The arrival of spring brings a 114-year-old Cornell tradition roaring to life – the annual Dragon Day celebration, Friday, March 27. The dragon will be accompanied on a parade through campus by first-year architecture students, who design and fabricate the creature. A related exhibition, “Heads of the Hydra: Trophies of Dragon Day,” is on display March 20-27 in John Hartell Gallery, Sibley Dome.

The Dragon Day theme this year is “Apocalypse.” Rival engineering students in the Phoenix Society also join in, with a challenge to the dragon when the parade passes the Engineering Quad.

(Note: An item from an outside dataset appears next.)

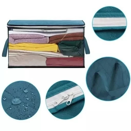 باکس نظم دهنده رختخواب مای هوم پک مدل بقچه کد X10 از جنس پارچه ضخیم و طلق شفاف ساخته شده و طول آن 58 عرض 37 و ارتفاع 31 سانتیمتر است که میتوانید انواع رختخواب , لباس و پتو را در آن جای دهید. همچنین دارای درب زیپ دار جهت جلوگیری از نفوذ گرد وغبار و حشرات می باشد که قابلیت شستشو با دست و ماشین لباسشویی را دارد.با توجه به وجود کالای غیر اصل این محصول در زمان خرید حتما به سایز , نام و لوگو مای هوم دقت کنید و در غیر اینصورت کالا را عودت دهید.

The Dragon Day Parade begins at 1 p.m. next to Rand Hall on East Avenue, proceeding south to Campus Road, turning west and then north to pass through Ho Plaza and end on the Arts Quad. Due to continuing construction on Klarman Hall, one lane of East Avenue remains closed to traffic (see updates on road closings here). There is limited room for spectators along parts of the route.

Dragon Day, originally called Architecture Day, was initiated in 1901 by then-student Willard Straight.

Folk heroes

The Cornell Folk Song Society presents Jay Ungar and Molly Mason in concert Friday, March 27, at 8 p.m. at the Community School of Music and Arts, 330 E. State St., Ithaca.

Known for their Grammy-winning “Ashokan Farewell” from the soundtrack of Ken Burns’ PBS series “The Civil War,” appearances on “A Prairie Home Companion” and the Ashokan fiddle and dance camps in New York’s Hudson Valley, the duo plays Appalachian, Celtic, Cajun and Klezmer fiddle tunes; swing, waltzes, country, folk and original songs.

Advance tickets are $15, at Ithaca Guitar Works, Autumn Leaves, Greenstar, Bound for Glory (Sunday, 8-11 p.m. in Anabel Taylor Hall) and at www.cornellfolksong.org/. $17 at the door. Students $5. Children age 12 and under free; $3 off for society members, seniors and teens. Information online or call 607-351-1845.